Sanft und leise
Nieselregen. Er fällt ganz sacht und unbeachtet, und doch bist du ehe du dich versiehst völlig durchnässt.
Genauso war es bei mir mit der Liebe. Ich dachte immer, die Liebe käme mit einem großen Knall und ich würde es sofort wissen, aber das stimmte nicht. Die Liebe kam sanft und leise und ohne, dass ich es bemerkte, war ich doch völlig von ihr eingenommen.
Meine Geschichte fängt völlig unspektakulär an. In unserer Klasse war ein neuer Schüler und letztendlich war es wohl meiner besten Freundin Rebecca zu verdanken, dass er in unsere Clique kam. Sie war schon immer ein aufgeschlossener Mensch gewesen, der auf jeden einfach zu ging, und da es ihr nicht gefiel, wenn er alleine auf dem Schulhof stand, schleppte sie ihn immer mit. Wir anderen hatten nichts dagegen. Pascal war nett und passte auch irgendwie zu uns. Alles in allem war er ein ganz normaler Junge, der mir wahrscheinlich nie besonders aufgefallen wäre. Man konnte sich gut mit ihm unterhalten und er hatte ungefähr die gleichen Interessen wie ich. So kam es, dass wir öfter mal auch ohne den Rest der Clique etwas unternahmen.
Damals hätte ich nie geglaubt, dass es mehr werden könnte als Freundschaft, denn ehrlich gesagt war Pascal auch nicht der Typ Mann, in den ich mich sonst verguckte. Natürlich, er sah schon gut aus, und von Anfang an mochte ich seine nussbraunen Wuschelhaare; auch charakterlich passte er zu mir, aber irgendwie war es trotzdem nicht so, dass ich andere als freundschaftliche Gefühle für ihn hatte.

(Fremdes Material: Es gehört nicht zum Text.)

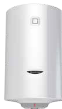
PRO1 R DRY MULTIS
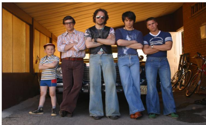
Figura 3 – C.R.A.Z.Y – Loucos de amor
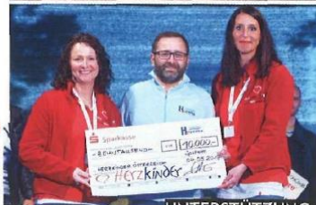
UNTERSTÜTZUNG. H. Preis International überreichte dem Verein Herzkinder Österreich einen Spendenscheck in Höhe von € 10.000,-.
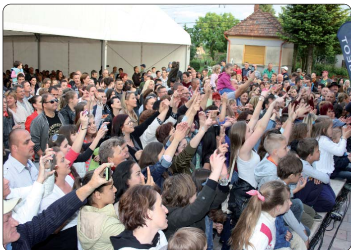
Gledatelji na koncertu Mejaša

programu nastupili su zborovi, skupine iz okolnih naselja, petripiska su djeca pripremila šaljivi igrokaz, mlinački pjevački zbor nastupio je s narodnim pjesmama i veselim plesom, nisu izostali ni Biseri Pustare s popijevkama, a ni serdahelske učenice koje su izvele moderni ples. Vrhunac je dana bio koncert Mejaša, na koji
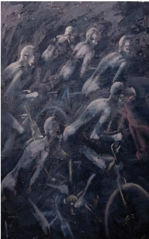
ميكس ميديا وألوان زيت على كانفاس - ١٥٠×٢٠٠ سم
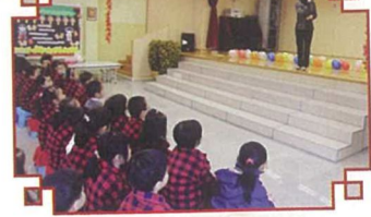
校長代表學校歡迎區內幼稚園生到校，參加祖國如此多‘FUN’這喜慶活動。
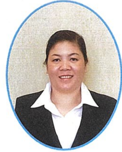
特別養護老人ホーム サンライフ御立 ヴォ ホン ハイ イエン
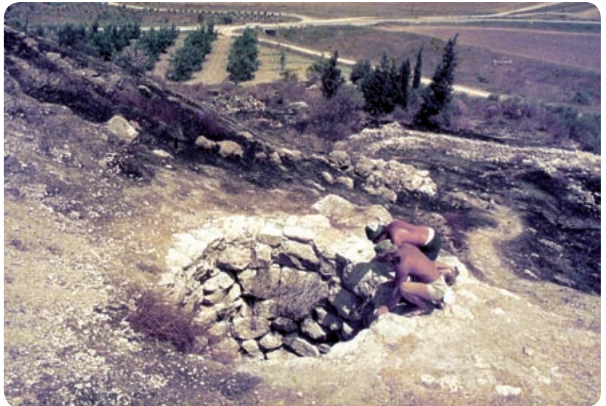
הבאר בפינה הצפון-מזרחית של התל
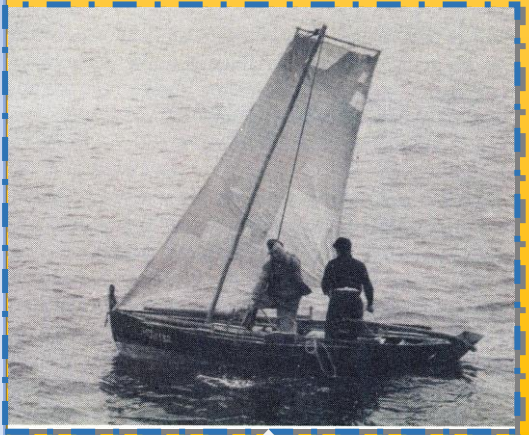
Dorna polbeira con vela de relinga, arribando ao peirao da Illa de Ons.
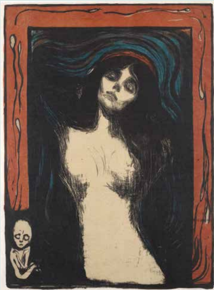
Edvard Munchs Lithografie „Madonna“ befindet sich in der Sammlung des Behnhauses.
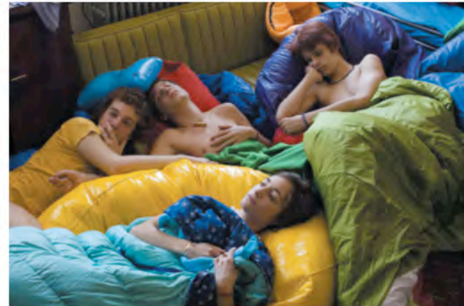
Sleepover Party : Dreaming, Tete-a-Tete V, 01, 2008

Wann das anfing, sich zu ändern, weiß ich schon gar nicht mehr. Irgendwie war unser vertrauter Umgang von Anfang an selbstverständlich gewesen. Wenn wir zusammen einen Film schauten, kuschelten wir auf dem Sofa und wenn ihm in der Pause kalt war, kam er zu mir, um sich wärmen zu lassen. Natürlich schliefen wir auch in einem Bett, wenn wir beim anderen übernachteten, was nicht gerade selten der Fall war.
Rebeccas seltsames Lächeln, wenn sie uns beobachtete, ignorierte ich einfach, oder vielleicht fiel es mir damals auch einfach nicht auf.

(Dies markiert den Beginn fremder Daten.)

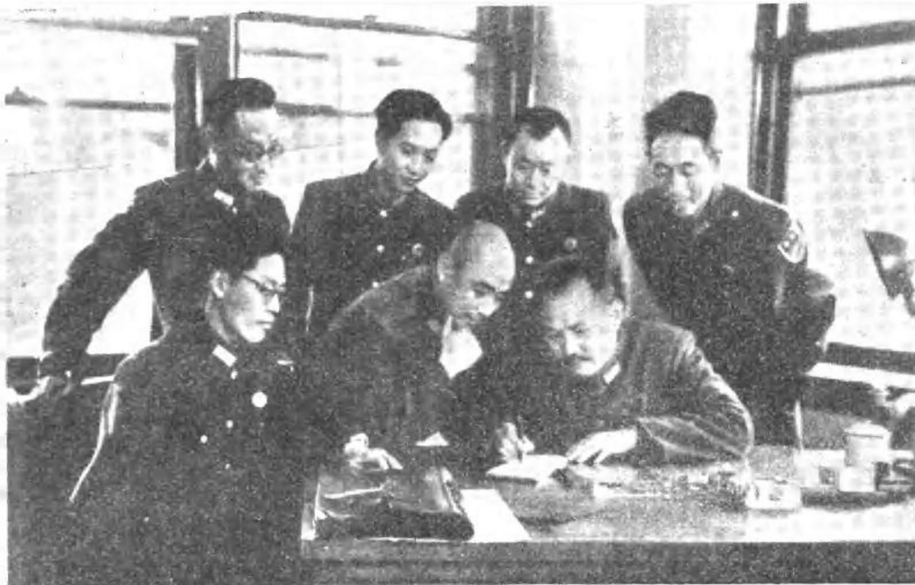
北平军调部中共代表叶剑英与工作人员在研究室
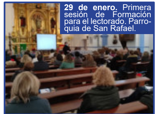
29 de enero. Primera sesión de Formación para el lectorado. Parroquia de San Rafael.
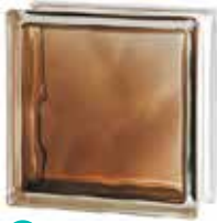
BRILLY BRONZE 1919/8 WAVE SAP CODE: 122185
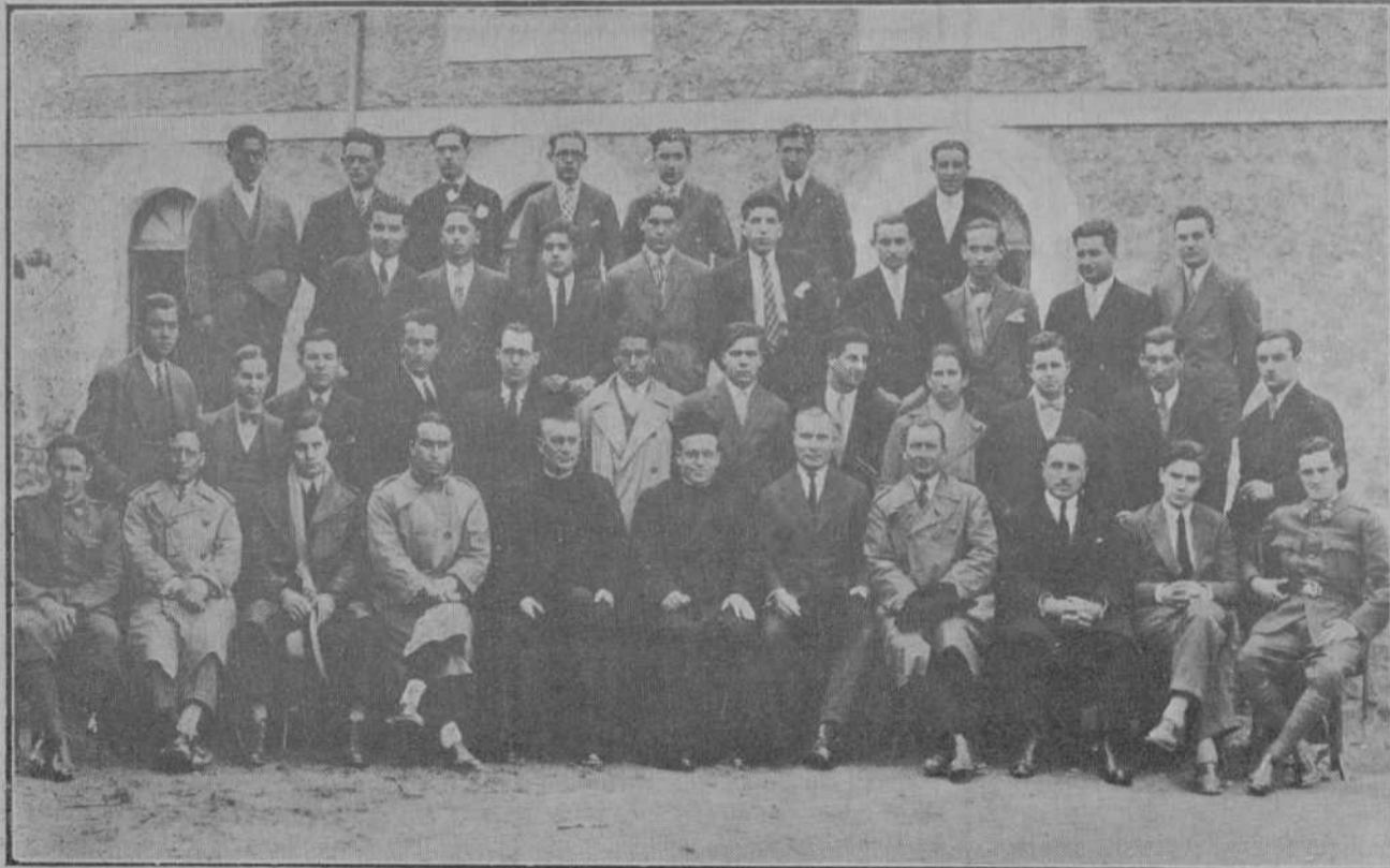
LIMPIAS.—Grupo de concurrentes a la simpática fiesta celebrada el domingo en el Colegio de San Vicente de Paúl.

Como habíamos anunciado, ayer celebró la Comunidad de San Vicente de Paúl la fiesta de su excelso Patrono, aprovechando este día para reunir en fraternal abrazo a los antiguos alumnos que en diferentes cursos habían terminado aquí sus estudios. Así, desde bien temprano empezaron a llegar, unos de Bilbao, otros de Santander, y algunos de varios pueblos de la provincia, formando próximamente un ciento el número de ex alumnos que nos honraron con su visita.
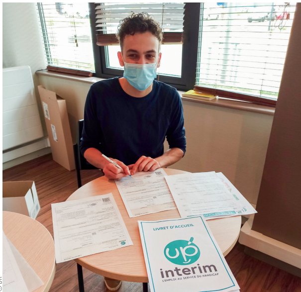
Un jeune candidat signe son contrat d'intérim chez Up'Intérim à Brest.

Eines Abends lagen wir wie sooft auf meinem Bett und ich spielte abwesend mit seinen Haaren, die mir so gefielen, als er mich plötzlich leise fragte: „Darf ich dich küssen?“
Überrascht sah ich ihn an, doch als ich den warmen Ausdruck in seinen Augen bemerkte, musste ich unwillkürlich lächeln. Ich beugte mich das kleine Stück, das uns noch trennte, vor und küsste ihn sanft mit geschlossenen Augen. Als er den Kuss erwiderte, explodierten kleine Glücksfeuerwerke in meinem Bauch und ich fragte mich, wie ich die ganze Zeit so blind hatte sein können.

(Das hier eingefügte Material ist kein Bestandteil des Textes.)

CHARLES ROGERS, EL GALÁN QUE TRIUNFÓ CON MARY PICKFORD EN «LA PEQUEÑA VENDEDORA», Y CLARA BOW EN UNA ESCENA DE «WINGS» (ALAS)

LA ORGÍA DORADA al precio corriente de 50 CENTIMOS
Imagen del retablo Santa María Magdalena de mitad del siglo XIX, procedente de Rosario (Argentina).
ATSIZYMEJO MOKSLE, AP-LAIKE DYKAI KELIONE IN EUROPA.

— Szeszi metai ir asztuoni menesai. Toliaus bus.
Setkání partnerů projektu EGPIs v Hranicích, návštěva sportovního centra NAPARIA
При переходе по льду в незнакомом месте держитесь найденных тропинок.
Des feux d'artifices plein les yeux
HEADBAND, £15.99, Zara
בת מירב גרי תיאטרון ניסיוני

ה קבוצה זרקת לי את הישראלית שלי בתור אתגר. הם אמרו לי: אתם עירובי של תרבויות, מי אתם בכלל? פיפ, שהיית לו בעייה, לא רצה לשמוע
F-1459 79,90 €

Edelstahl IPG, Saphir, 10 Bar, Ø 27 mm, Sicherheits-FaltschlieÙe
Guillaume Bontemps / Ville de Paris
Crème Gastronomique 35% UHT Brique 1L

Ein paar Tage später gingen wir Hand in Hand von der Schule nach Hause. Auch etwas, das wir schon lange vor der Entdeckung meiner Gefühle getan hatten.
Es regnete und Pascal meinte: „Nieselregen ist deprimierend!“
Ich jedoch konnte nur lächelnd den Kopf schütteln. „Nein, er ist wie du.“
„Was?“ Überrascht und etwas empört sah er mich an und ich lächelte immer noch. „Ja. Sanft und leise und ohne, dass ich es bemerkt habe, hast du mich völlig für dich eingenommen.“
Jetzt lächelte er auch. „So habe ich das noch nie betrachtet…“
Ja, Liebe muss nicht immer mit einem großen Knall kommen. Manchmal ist Liebe ganz leise. Wie Nieselregen.